## [What this task involves]
Give the data again exactly as written, skipping any pictures.

Given material below:

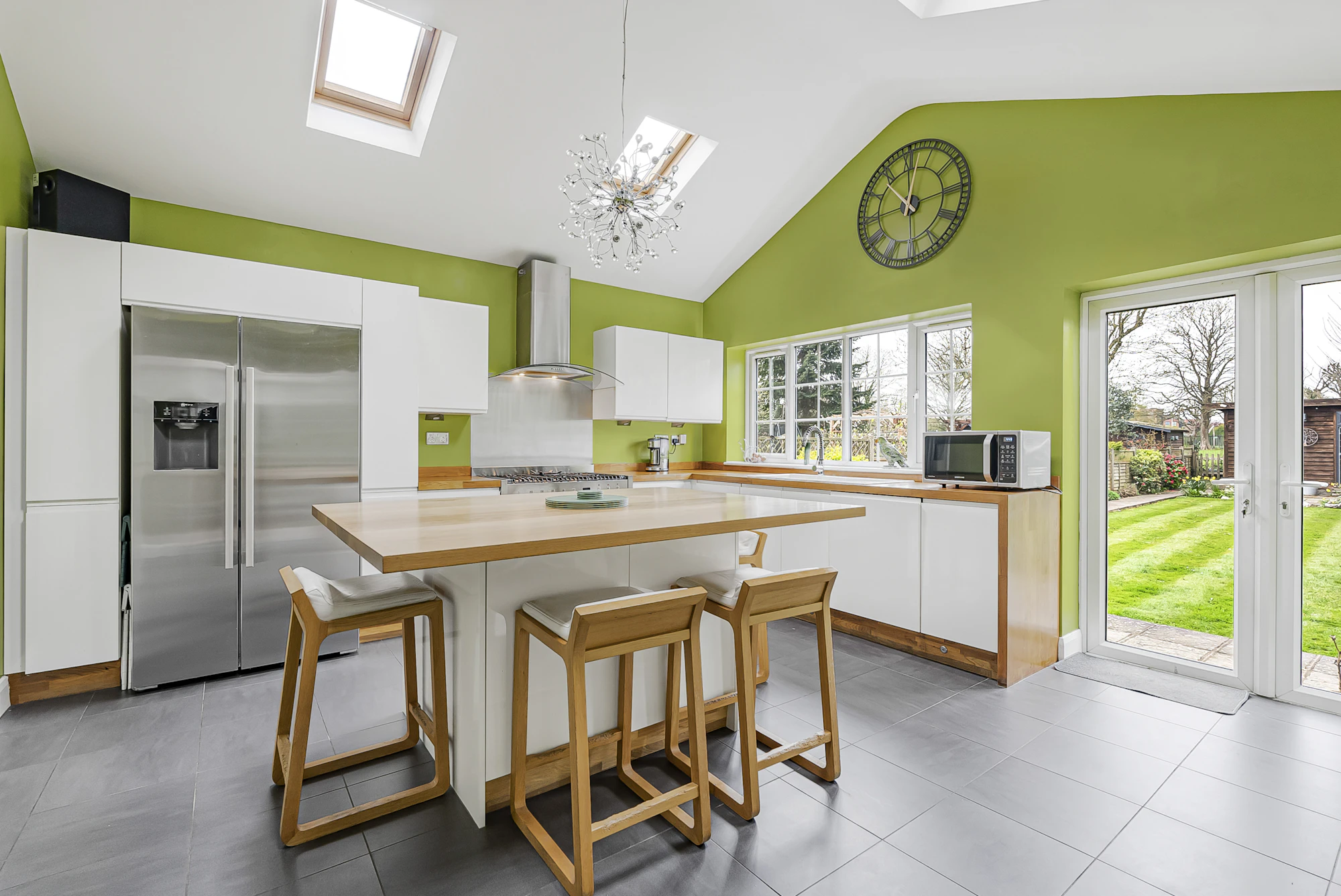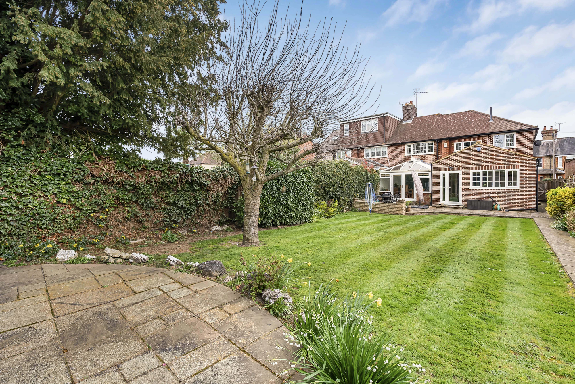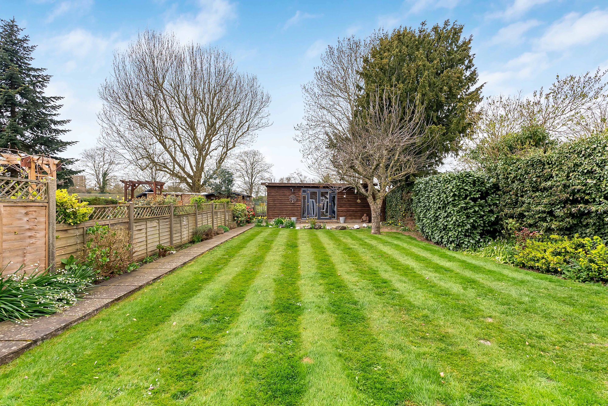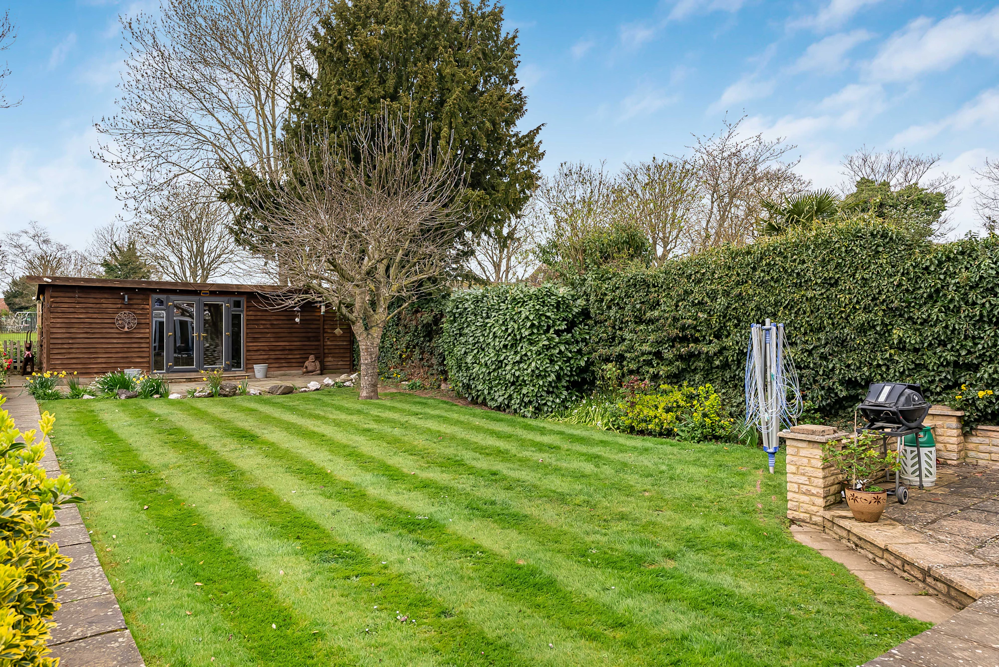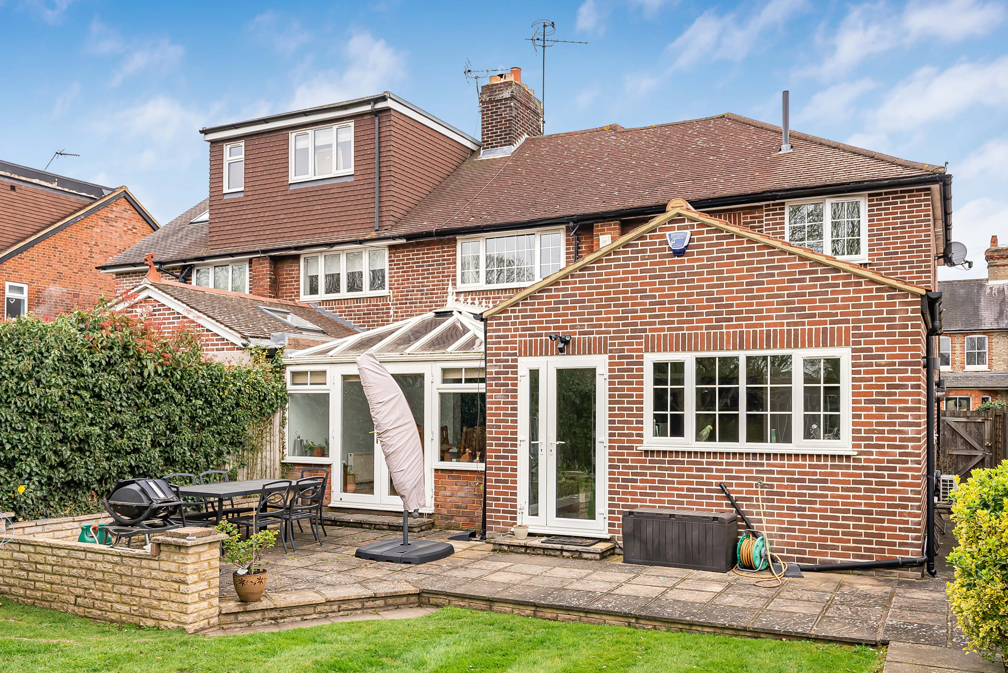 Outside and to the rear, the home enjoys a generous west-facing rear garden backing on to school fields, mainly laid to lawn with patio areas perfect for outdoor dining and entertaining.
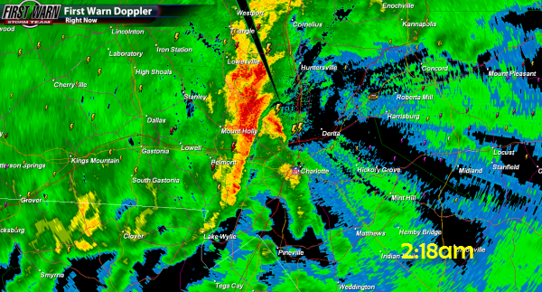 The lack of a radar and the area being split between offices makes for a coordination nightmare. All three of these offices have their own Doppler radar which they primarily look at. All of them are too far away to see the lowest levels of storms around Charlotte. So they flip between the TDWR near Charlotte which has limitations of it’s own but at least its here. Lucky for us we at NewsChannel 36 have our own c-band radar in Dallas, NC to see storms around Charlotte. This helps me see things and you but I can’t issue tornado warnings that make weather radios, texts, emails and sirens go off. Which in this case being the middle of the night was needed. Unless you were awake watching TV or on-line with me you had no idea this was coming.
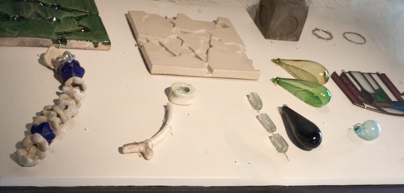 Sara Ouhaddou surfe sur la « technwé » qui désigne à la fois l’art et la technique. Cependant dans ce perfectionnement des ustensiles ancestraux, l’artiste s’inspire des formes en y rajoutant du verre coloré faisant office de totems fragiles.
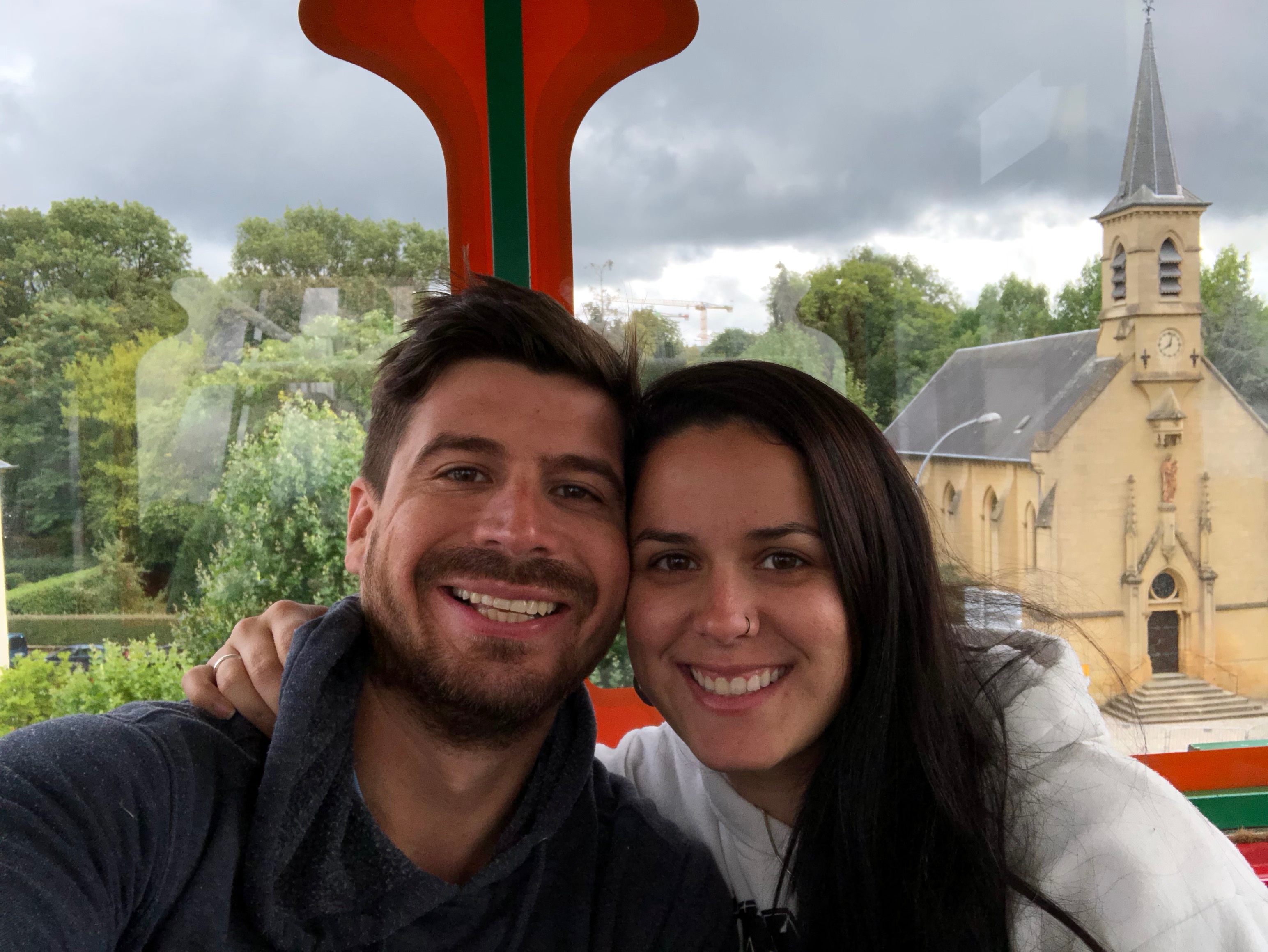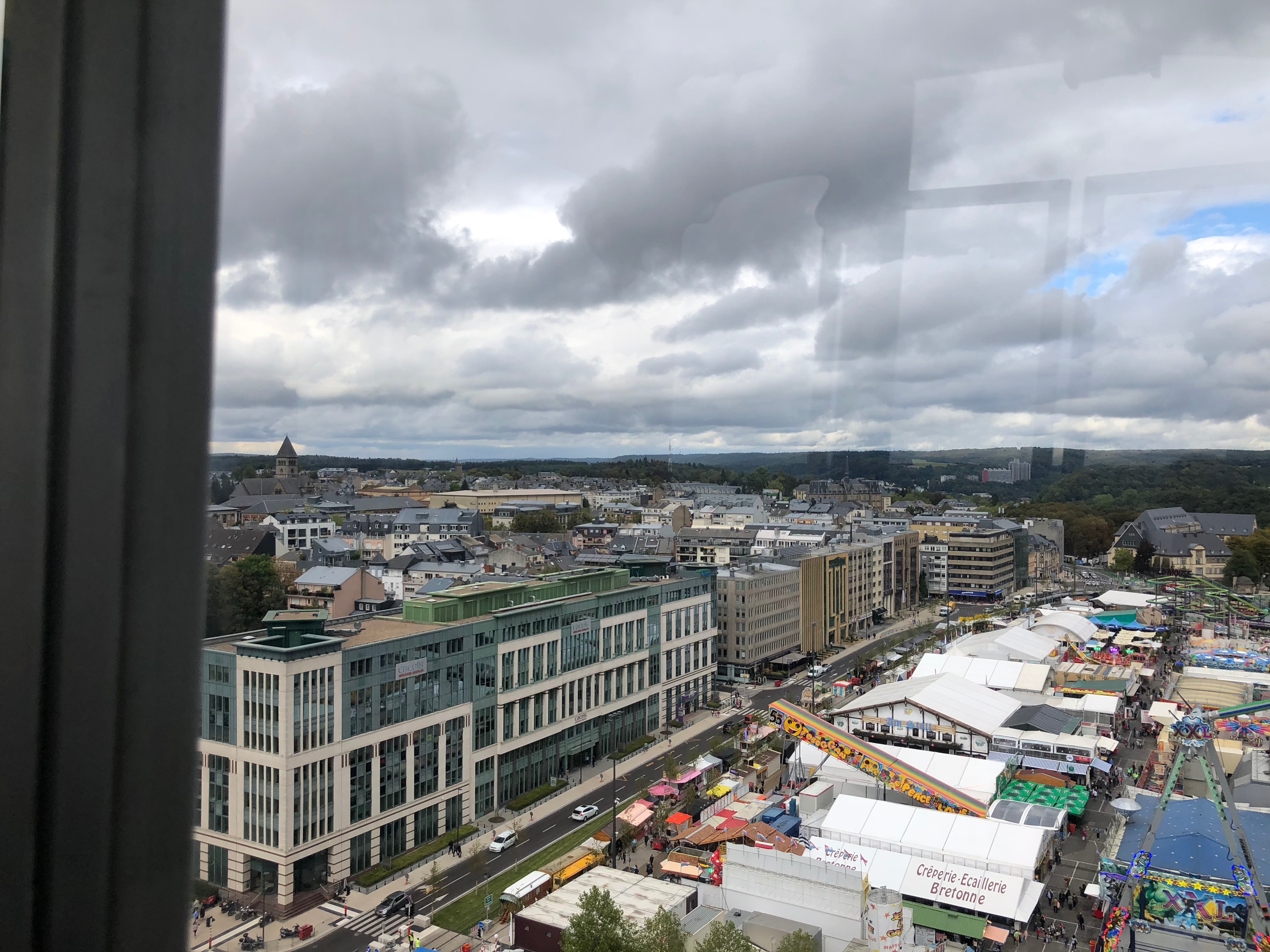 Pegamos o ônibus (Eurolines) em Bruxelas e 4 horas depois chegamos em Luxemburgo. Paramos bem em frente a um evento que estava tendo na cidade com parque de diversões, diversas barraquinhas de comida e bebida, música e etc.

End of Given material.

## [Result for this task]
 Outside and to the rear, the home enjoys a generous west-facing rear garden backing on to school fields, mainly laid to lawn with patio areas perfect for outdoor dining and entertaining.
 The lack of a radar and the area being split between offices makes for a coordination nightmare. All three of these offices have their own Doppler radar which they primarily look at. All of them are too far away to see the lowest levels of storms around Charlotte. So they flip between the TDWR near Charlotte which has limitations of it’s own but at least its here. Lucky for us we at NewsChannel 36 have our own c-band radar in Dallas, NC to see storms around Charlotte. This helps me see things and you but I can’t issue tornado warnings that make weather radios, texts, emails and sirens go off. Which in this case being the middle of the night was needed. Unless you were awake watching TV or on-line with me you had no idea this was coming.
 Sara Ouhaddou surfe sur la « technwé » qui désigne à la fois l’art et la technique. Cependant dans ce perfectionnement des ustensiles ancestraux, l’artiste s’inspire des formes en y rajoutant du verre coloré faisant office de totems fragiles.
 Pegamos o ônibus (Eurolines) em Bruxelas e 4 horas depois chegamos em Luxemburgo. Paramos bem em frente a um evento que estava tendo na cidade com parque de diversões, diversas barraquinhas de comida e bebida, música e etc.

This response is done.